BACKGROUND OF THE INVENTION 1. Field of the Invention [0001] The present invention relates to a method for manufacturing a nano-emulsion natural cosmetic composition containing a moringa extract,

To a nanoemulsion natural cosmetic composition comprising a moringa extract.

As the age increases, skin aging occurs, such as wrinkles, loss of elasticity, and skin aging associated with age.

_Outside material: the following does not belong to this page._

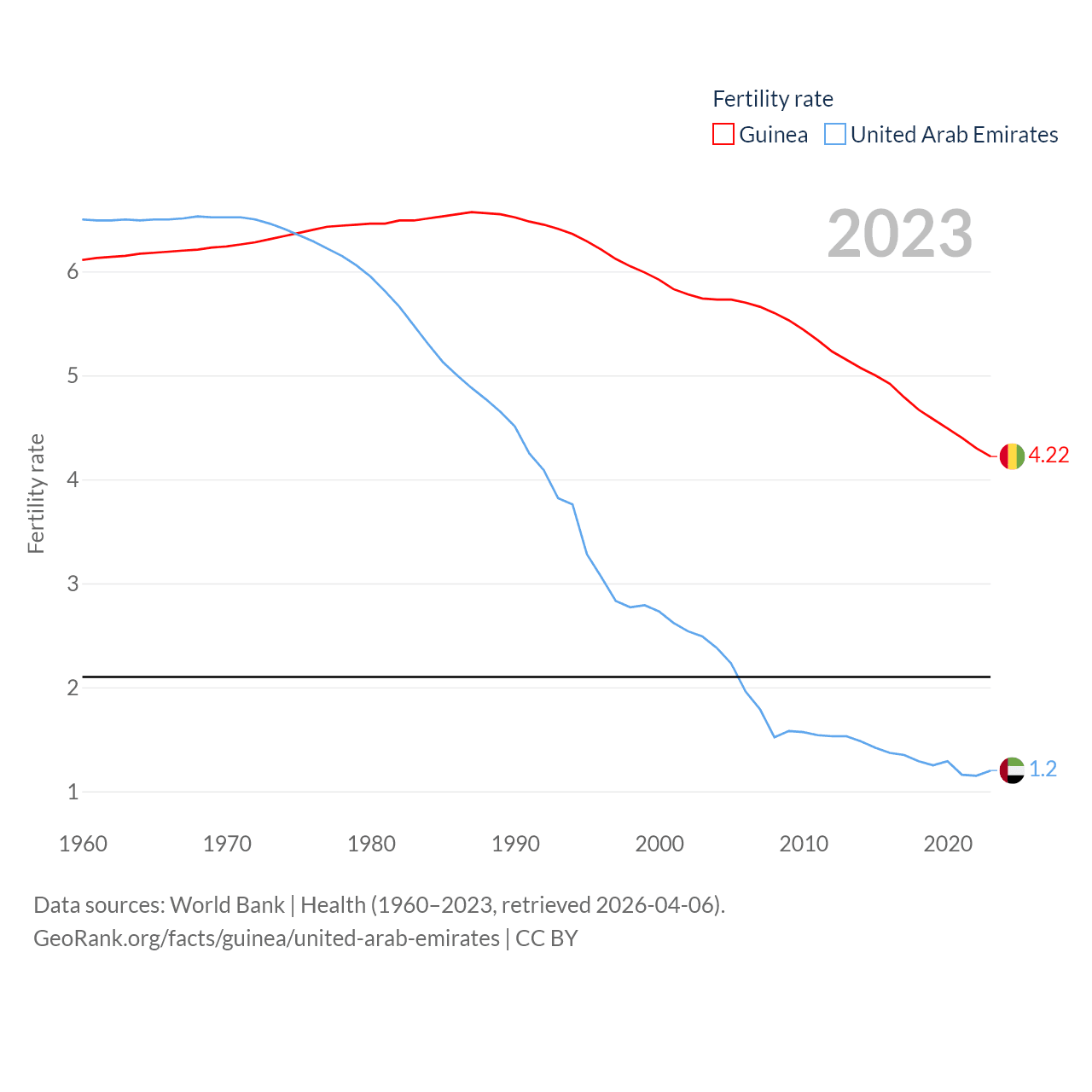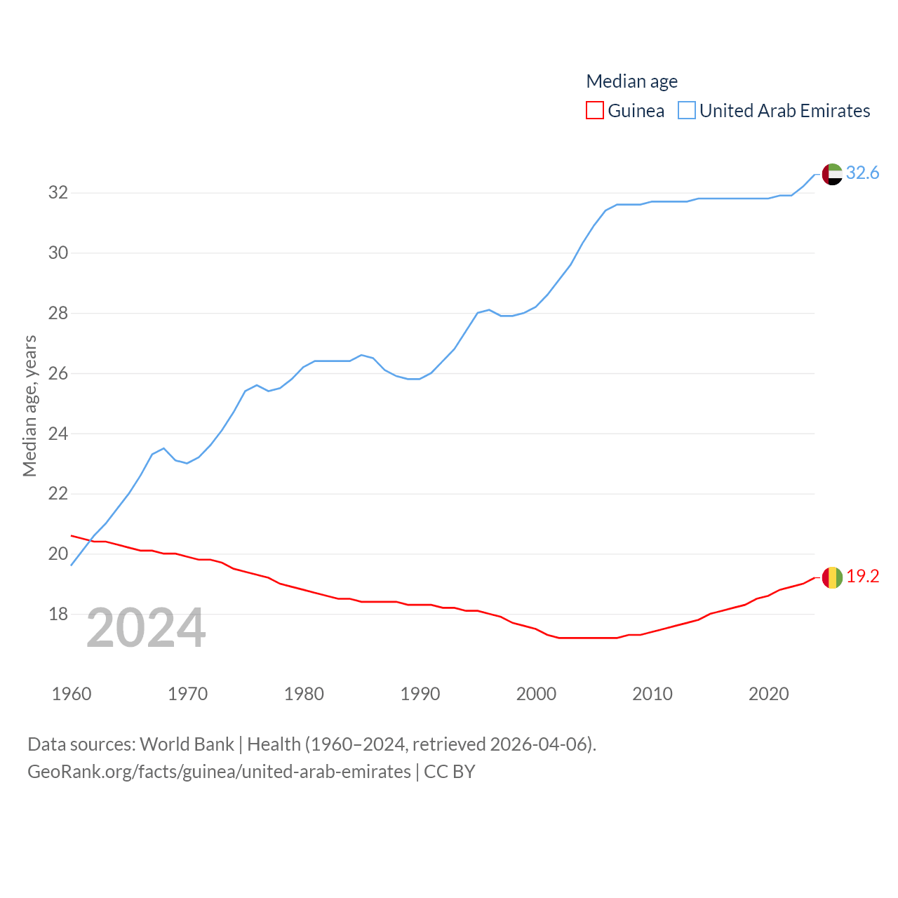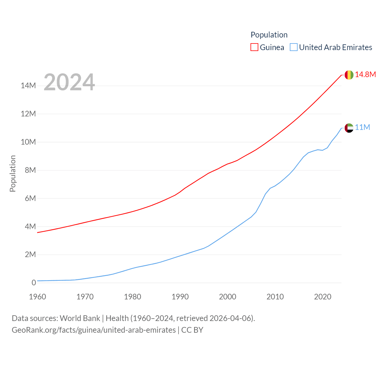 Guinea has a population of 14.8M (ranked 75/197), compared with 11M in The United Arab Emirates (ranked 86/197). Guinea's land area is 94,873 sq mi versus 27,421 sq mi for The United Arab Emirates (ranked 77th vs. 117th).

Aging may occur even if the metabolism of fibroblasts is not smooth due to external harmful environment. Fibroblasts are present in the dermal layer of the skin and produce collagen in extracellular epilepsy. Collagen is an important protein that accounts for 30% of the total weight of bioproteins and has a solid triple helix structure. The main functions are known to be mechanical durability of the skin, resistance of connective tissues and support of cell adhesion. Such collagen is reduced in the function of fibroblasts due to aging and photoaging induced by ultraviolet irradiation, and the amount of collagen is reduced, and collagenase activity, which degrades collagen, promotes collagen reduction. It is generally known that at 80 years of age, the thickness of the skin is reduced by about 65% compared with that of 20 years old, and this phenomenon is known to be closely related to the formation of the wrinkles of the skin.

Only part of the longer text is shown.